— Task details —
Omit every picture and output the rest of the records exactly as they are.

— Supplied entries —
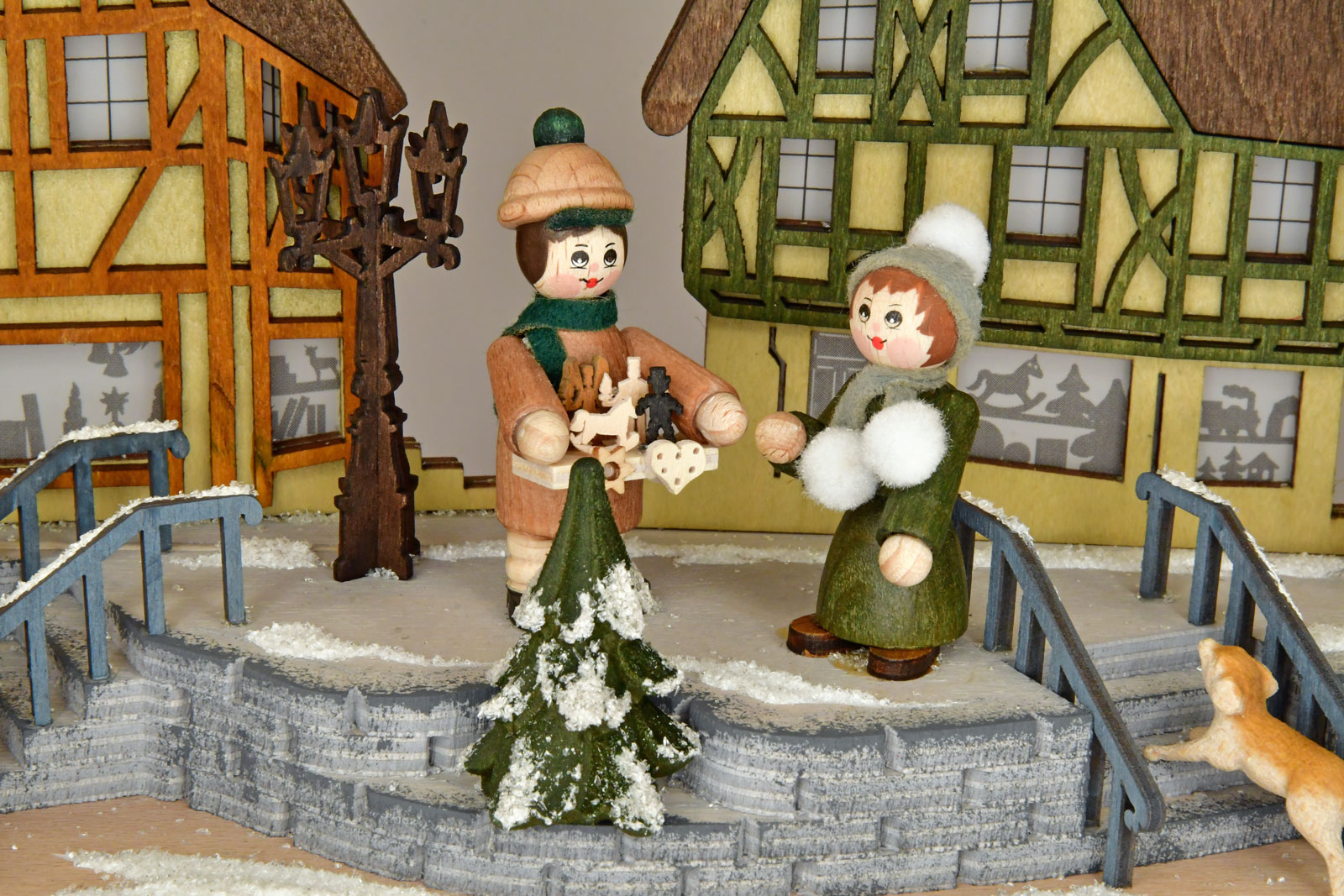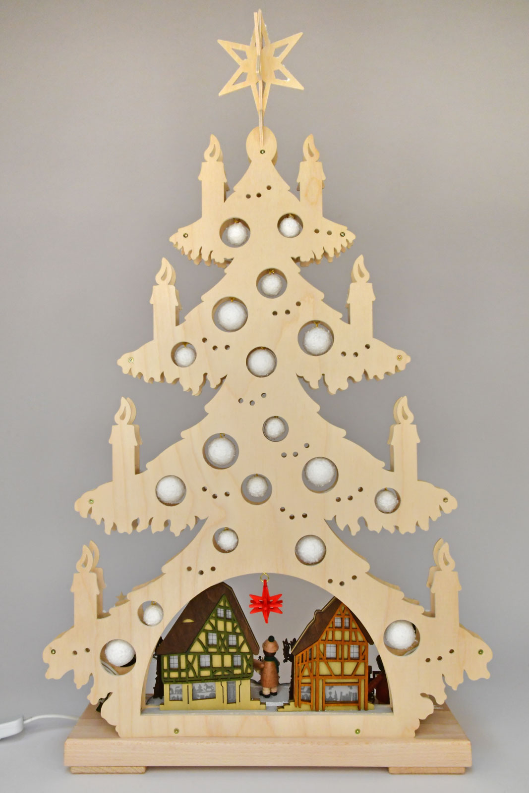 Das Zentrum dieser schönen Tanne aus Birkensperrholz bildet ein Dorfplatz, der von zwei farbigen Fachwerkhäusern mit Geschäften begrenzt wird. Ein Junge bietet einer Dame erzgebirgische Waren von seinem Bauchladen an. Ein Leierkastenmann sorgt für weihnachtliche Stimmung, passend zum roten Stern, der in der Mitte es Platzes einen farbigen Blickpunkt bildet. Ein munteres Hündchen springt die Treppe hinauf. Die Tanne ist mit weißen Schneekugeln geschmückt und mit frostigem Raureif von Hand verziert. Der Aufsatzstern ist abnehmbar. Die indirekte LED-Beleuchtung sorgt für eine stimmungsvolle Raumatmosphäre.
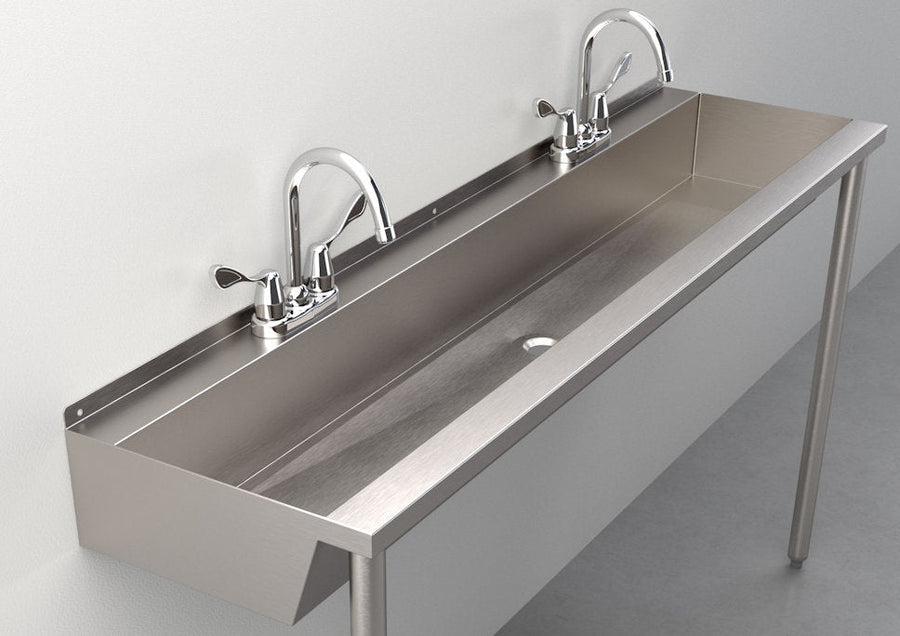 Trough sinks offer clean aesthetics while being durable, functional, and easy to maintain. Choose from solid surface or stainless steel materials with widths ranging from 30" to 120".
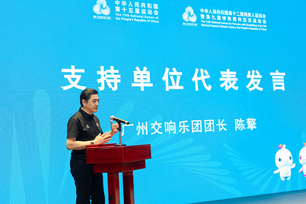 仪式上,广州交响乐团、广东民族乐团、广州体育学院、酷狗文化正式获颁“十五运会和残特奥会体育展示音乐库杰出贡献单位”。广州交响乐团团长陈擎作为贡献单位代表发言。他表示,能以其艺术资源为国家级体育盛会贡献力量倍感荣幸,各支持单位通力合作,共同为赛会注入了丰沛而优质的声音能量。
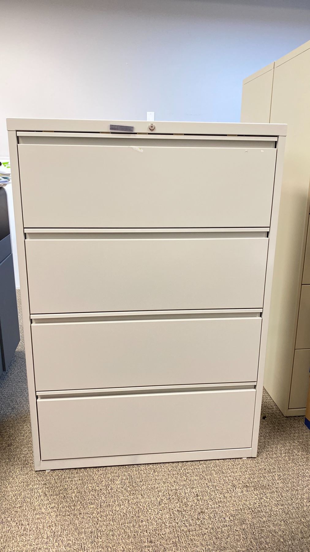 4 DRAWER LATERAL GREY METAL FILING CABINET
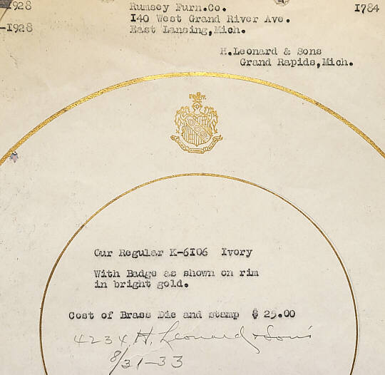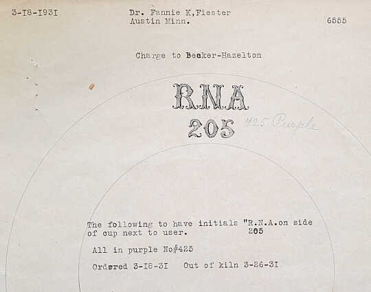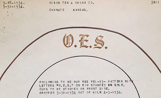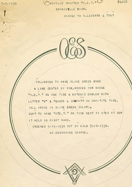 If an emblem like the Masonic symbol or the Order of the Eastern Star's monogram were used often, then there was no extra charge for creating an engraving to make the underglaze prints necessary for the treatment. On the other hand, if a new engraving had to be made, then there was almost always an added engraving charge. The same was true for gold stamps, however the cost to make a new rubber stamp for gold decorations was much lower than making a new engraving for underglaze prints.
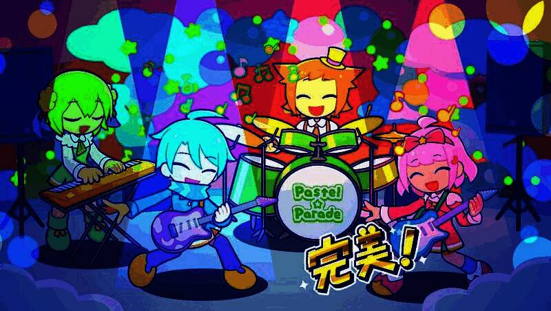 在视觉呈现上,《Pastel☆Parade》采用清新的糖果色系与二头身像素风角色设计,既保留了复古像素的怀旧感,又通过流畅的动作捕捉与舞蹈动画赋予角色鲜活生命力。动态背景元素如跃动的光点、扩散的音波与色彩涟漪,均与音乐节拍精准同步,强化了节奏的冲击力与沉浸感。UI界面简洁直观,核心操作区域清晰突出,确保玩家能够专注于演奏本身,享受纯粹的音游乐趣。

— Answer section —
 Das Zentrum dieser schönen Tanne aus Birkensperrholz bildet ein Dorfplatz, der von zwei farbigen Fachwerkhäusern mit Geschäften begrenzt wird. Ein Junge bietet einer Dame erzgebirgische Waren von seinem Bauchladen an. Ein Leierkastenmann sorgt für weihnachtliche Stimmung, passend zum roten Stern, der in der Mitte es Platzes einen farbigen Blickpunkt bildet. Ein munteres Hündchen springt die Treppe hinauf. Die Tanne ist mit weißen Schneekugeln geschmückt und mit frostigem Raureif von Hand verziert. Der Aufsatzstern ist abnehmbar. Die indirekte LED-Beleuchtung sorgt für eine stimmungsvolle Raumatmosphäre.
 Trough sinks offer clean aesthetics while being durable, functional, and easy to maintain. Choose from solid surface or stainless steel materials with widths ranging from 30" to 120".
 仪式上,广州交响乐团、广东民族乐团、广州体育学院、酷狗文化正式获颁“十五运会和残特奥会体育展示音乐库杰出贡献单位”。广州交响乐团团长陈擎作为贡献单位代表发言。他表示,能以其艺术资源为国家级体育盛会贡献力量倍感荣幸,各支持单位通力合作,共同为赛会注入了丰沛而优质的声音能量。
 4 DRAWER LATERAL GREY METAL FILING CABINET
 If an emblem like the Masonic symbol or the Order of the Eastern Star's monogram were used often, then there was no extra charge for creating an engraving to make the underglaze prints necessary for the treatment. On the other hand, if a new engraving had to be made, then there was almost always an added engraving charge. The same was true for gold stamps, however the cost to make a new rubber stamp for gold decorations was much lower than making a new engraving for underglaze prints.
 在视觉呈现上,《Pastel☆Parade》采用清新的糖果色系与二头身像素风角色设计,既保留了复古像素的怀旧感,又通过流畅的动作捕捉与舞蹈动画赋予角色鲜活生命力。动态背景元素如跃动的光点、扩散的音波与色彩涟漪,均与音乐节拍精准同步,强化了节奏的冲击力与沉浸感。UI界面简洁直观,核心操作区域清晰突出,确保玩家能够专注于演奏本身,享受纯粹的音游乐趣。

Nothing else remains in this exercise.